Not having sex wasn't too hard, because it just wasn't happening anyway. But not beating one down from time to time was really difficult.

And pretty soon after about two weeks, every couple of round objects I saw together looked like a pair of luscious boobs or an amazing ass. Every time I took a whiz I felt the need. I took every shower cold.

I nearly walked in front of a few cars because I stared at underwear model billboards too long. My balls start hurting from not getting emptied or, um, exercised. To avoid all the sex on TV I could only watch Nickelodeon, but even then, Spongebob started to look pretty good.

Internet, forget it. That's like putting a brick of cocaine with a sign saying "Snort As Much of Me as YOU Want!" inside the Celebrity Rehab House.

Going to class was equally difficult and productive. Difficult because of all the girls sitting in class, productive because I worked my ass off since I wasn't watching porn, downloading porn, talking to girls, or looking for relationships—just thinking about sex.

My goal was 41 days, because I wasn't going to let Josh Hartnett beat me. Finally, I couldn't take it. My roommate popped out for class. I spent an afternoon by myself. I ripped open my computer and typed the first porn site I could think of. As I slid down my pants my roommate and his girlfriend opened the door.

"KC! No! You've only got a few days left! Don't do it!" my roommate's girlfriend screamed.

"Well, I'm not going to do it now. Fuck. Time to ice pack my nuts again. Enjoy the room to yourselves. Assholes."

I crossed off day after day on my calendar. I started organizing my streak-breaking jacking. I planned this medley of masturbation better than I've ever planned a date, anniversary, or breakup. I found some flowers. I checked and re-checked my roommate's class schedule. I spent a few seconds at a "magazine shop" picking out what I wanted: Hustler, Penthouse or Gallery. I bought all three. I could barely contain myself. Luckily, I was in college and could barely afford the mags, because this was the closest I'd ever come to getting a prostitute. Had I gotten a prostitute, it probably would've been the most expensive five seconds of my life.

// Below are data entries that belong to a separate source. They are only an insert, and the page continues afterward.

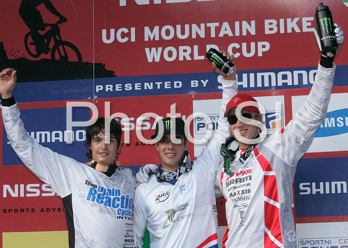 : Winner Samuel Hill of Australia (M), second placed Julien Camellini of France (L) and third placed Steve Peat of Great Britain (R) celebrating their medals won in men final run of first Downhill MTB World Cup 2008. First men race of UCI Nissan Mountain Bike World Cup 2008 was held in Maribor, Slovenia, on 11th of May 2008.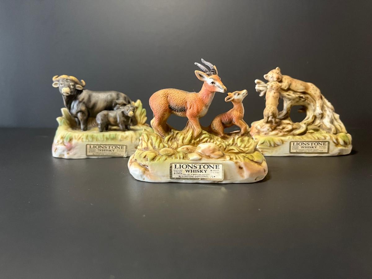 Gazelle, Cape Buffalo and Leopard liquor decanters.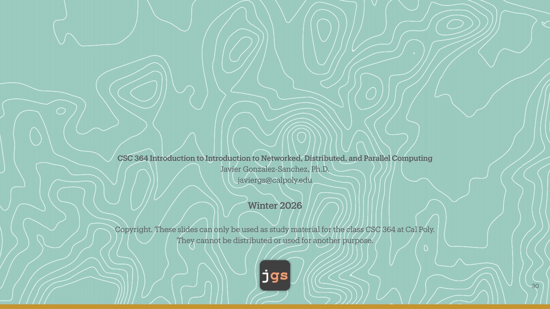 Computing Javier Gonzalez-Sanchez, Ph.D. [email protected] Winter 2026 Copyright. These slides can only be used as study material for the class CSC 364 at Cal Poly. They cannot be distributed or used for another purpose. 30

Finally, the moment of truth came. I don't need to go into the gory or gooey details. It wasn't the biggest or best orgasm ever. But my Gandhi Streak ended. I didn't hate Gandhi or my friends anymore.

My friends asked me about the result of the end of my ban on self-loving. I shrugged and said it was pretty awesome, but glad that it was all over.

"Yo KC. At my high school we used to try and do this thing called ‘Hitting for the Cycle.' It's like in baseball, a guy hits a single, double, triple, and a homerun in the same game. So basically, you try and beat one down four times in a day."

"Yup. Already finished that one today. Now shut the hell up."